Menu Planning Monday: my menu plan for the week of 1/30

Welcome! One of my New Year’s “goals” was to eat healthier, and so I’m trying to incorporate healthier recipes all around into our menu plan. My husband was gung ho at first, but last night informed me that we’ve been eating a LOT of chicken and asked could we please add some beef to the menu this week!

The plan listed here just includes our dinner menu and recipes. I have calculated Weight Watchers points values using the e-tools Recipe Builder, and points values this week are based on the new Points Plus program! Both kids eat breakfast at home, but my son eats lunch at daycare, my daughter eats lunch at

If you’ve been reading my blog for awhile, then you know that for the past two years, I have done a $40 weekly budget.
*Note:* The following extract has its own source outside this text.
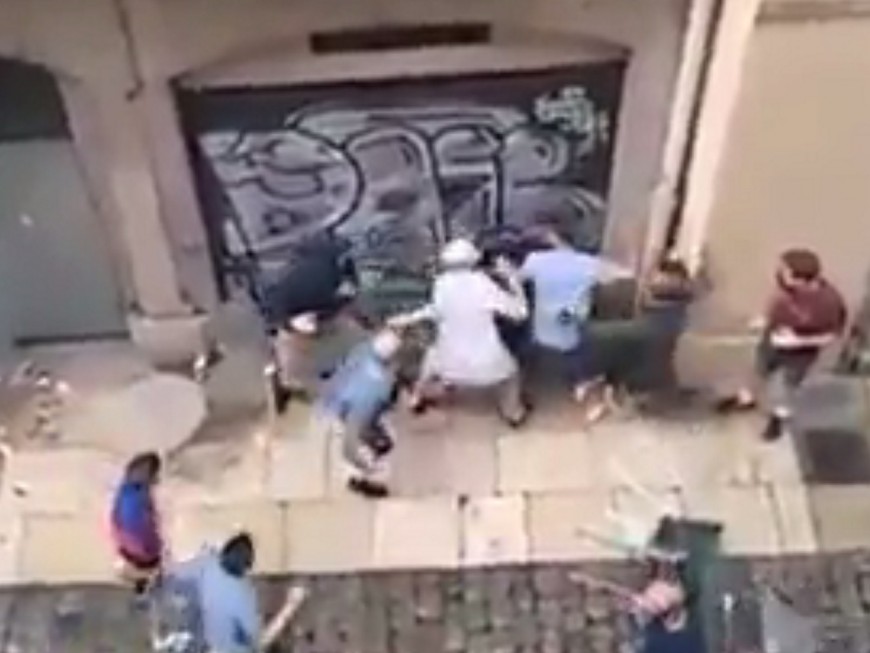 Un homme est notamment pris à partie contre une porte et est roué de coups par plusieurs individus avant que des badauds ne viennent s'interposer. Des jets de bouteilles et de chaises sont à déplorer.

With the changes to our eating habits, I’m going to increase our budget to $50 per week and I’m really going to try to stick to that, but I’m not even sure that will be enough. This will be a trial and error experience, so stay tuned!

If you’re new to menu planning or would like tips for getting started, check out this post here.

SUNDAY: Hamburgers

MONDAY: Monterey Chicken

4 (5 oz.) Boneless Skinless Chicken Breasts1/4 Cup Barbecue Sauce
1/4 Cup Hormel Real Bacon Bits
1 Cup 2% Colby and Monterey Jack Shredded Cheese*
1 (14 oz.) Can Diced Tomatoes with Green Chilies, drained (I’m just going to use regular diced tomatoes)
Sliced Green Onions

Preheat oven to 400 degrees. Pound out the chicken breasts to flatten. Season each with a little pepper. Cook the chicken in a skillet sprayed with non-stick cooking spray over medium-low heat until no longer pink.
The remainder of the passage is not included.